Keşke biraz daha akıllı olsaydım da çocukluk dönemimde Aito Garcia Reneses’in farkında olacak kadar basketbol konusunda erişkin olsaydım ya da keşke birkaç yıl daha önceden doğsaydım dedirten bir figür. Böylesine inanılmaz bir kariyerin tüm talihsizliğine de yakından tanık olmanın çok ilginç bir deneyim olacağından hiç şüphem yok.

Bu konuya Aito’yu detaylı olarak inceleyeceğimiz bir yazıda değiniriz. Bugünkü gündemimiz Alba’nın son dönemi ve önümüzdeki sezonu. Muhtemelen de Aito Garcia Reneses’in bir koç olarak son yılları, belki de son yılı…

Sadece bir hissiyat olarak, bu sezon Alba’yla güzel bir hikaye yazmak isteyeceğini ve yazacağını düşünüyorum. Belki de isteğim bu yönde. Ancak son Almanya Bundesliga şampiyonunun işi hiç kolay olmayacak, hiçbir kulübün işi gibi.

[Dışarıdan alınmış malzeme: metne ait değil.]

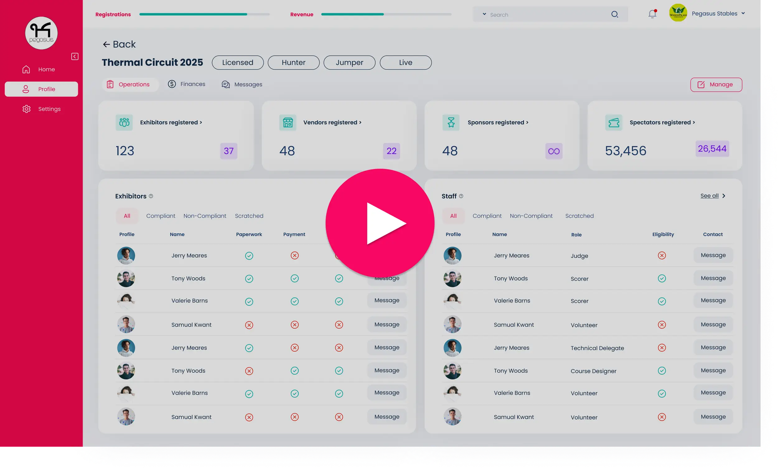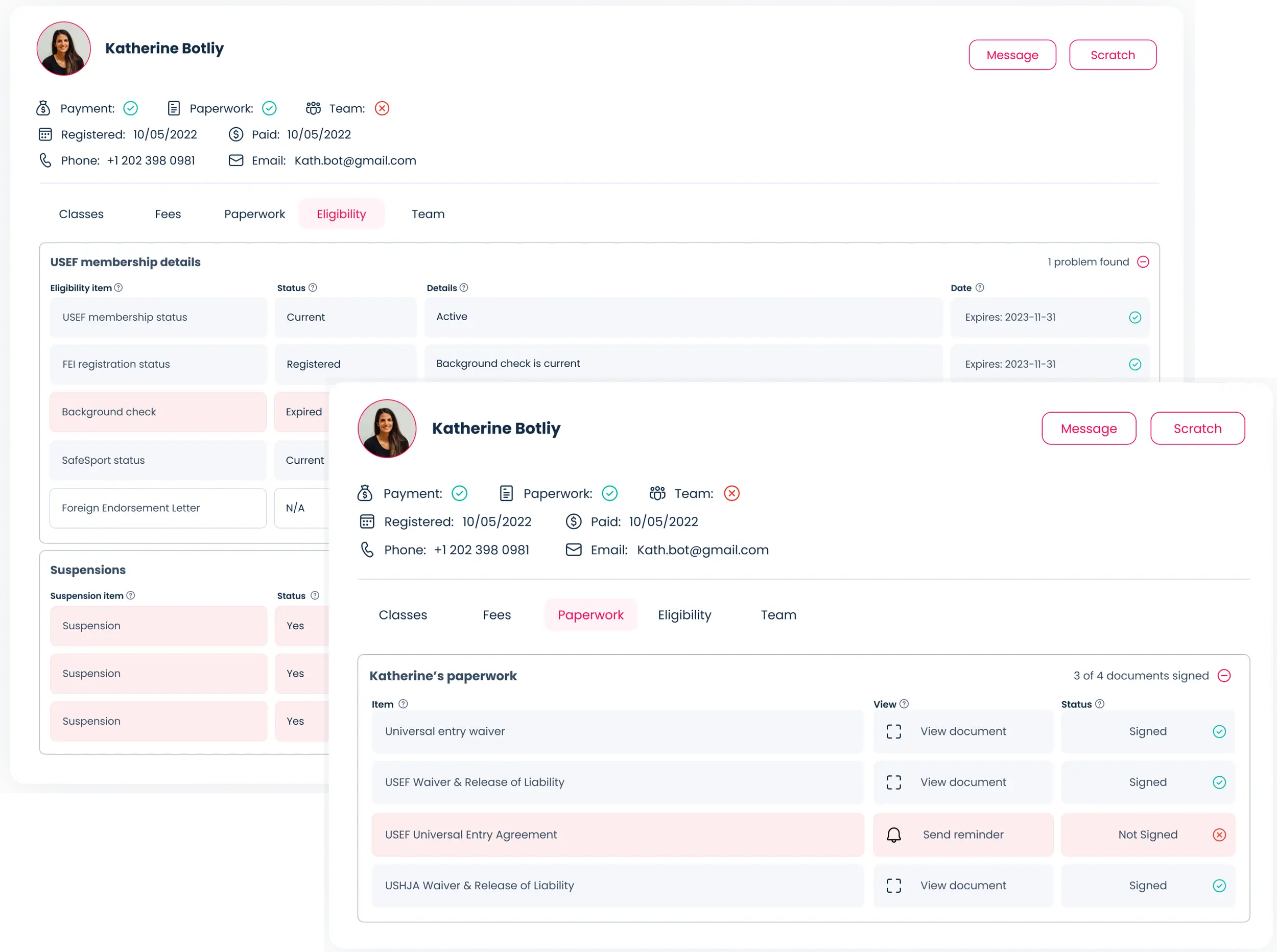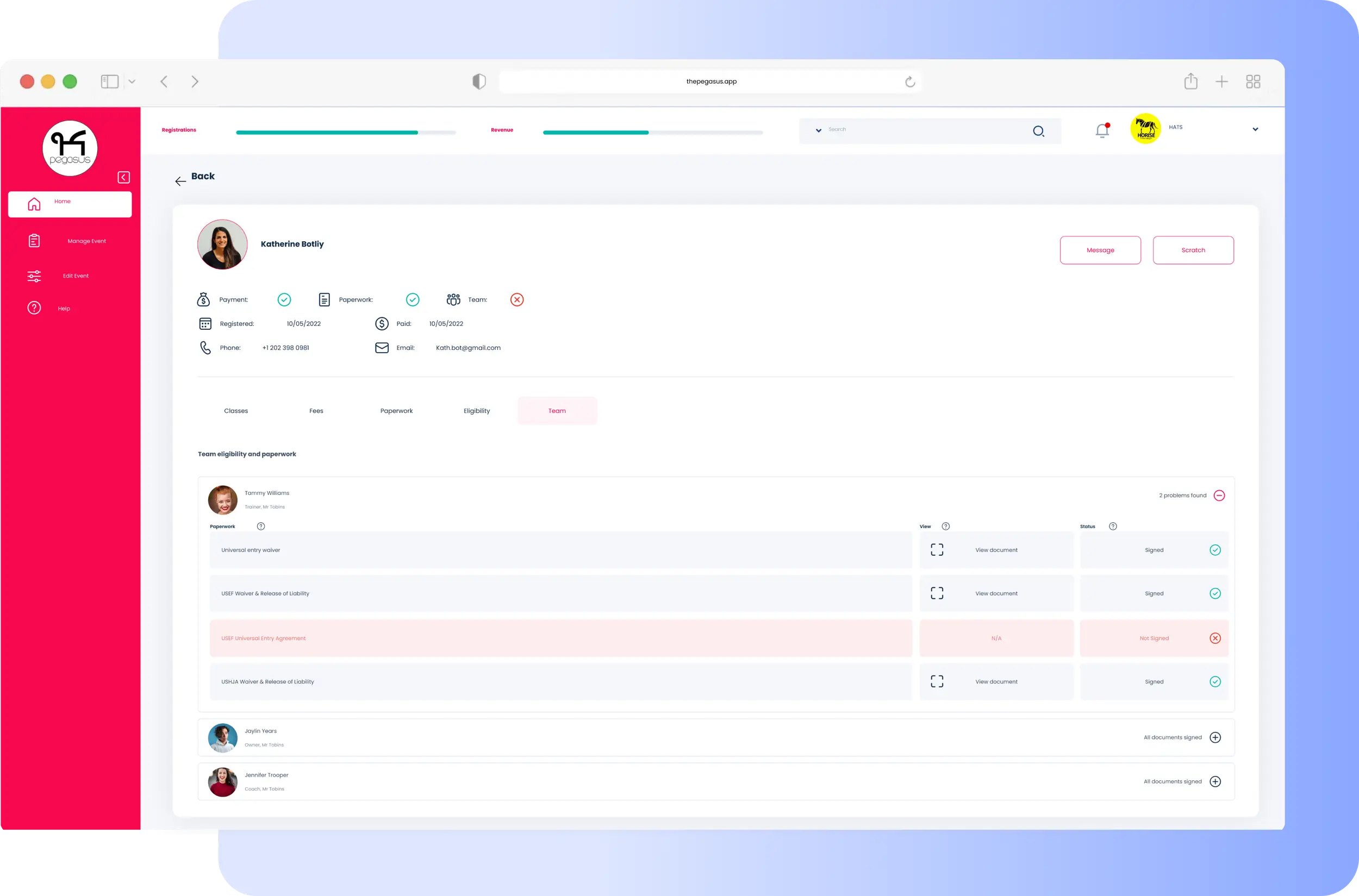 Handle registrations and event administration - such as paperwork, payment, and eligibility status.

Bu sezon Landry Nnoko, Martin Hermannsson gibi geçen yılın çok efektif parçalarından uzak kalacaklar çünkü onlar artık kadroda bulunmuyorlar. Yerlerini dolduran oyuncularla yollarına bakacaklar, muhtemelen o oyunculardan da seviye atlayanlar olacak.

73 yaşındaki efsanevi koçun geçen sezonki yapılanması savunma olarak çok zayıf, hücum olarak da iyi düzeyde bir ekipti. Bu sezon savunma anlamında nasıl bir hâl alacakları büyük bir merak konusu. Zaten müdafaa kısmında belli bir düzeyi aşsalardı mutlaka playoff yarışında aktif ekiplerden birisi olurlardı.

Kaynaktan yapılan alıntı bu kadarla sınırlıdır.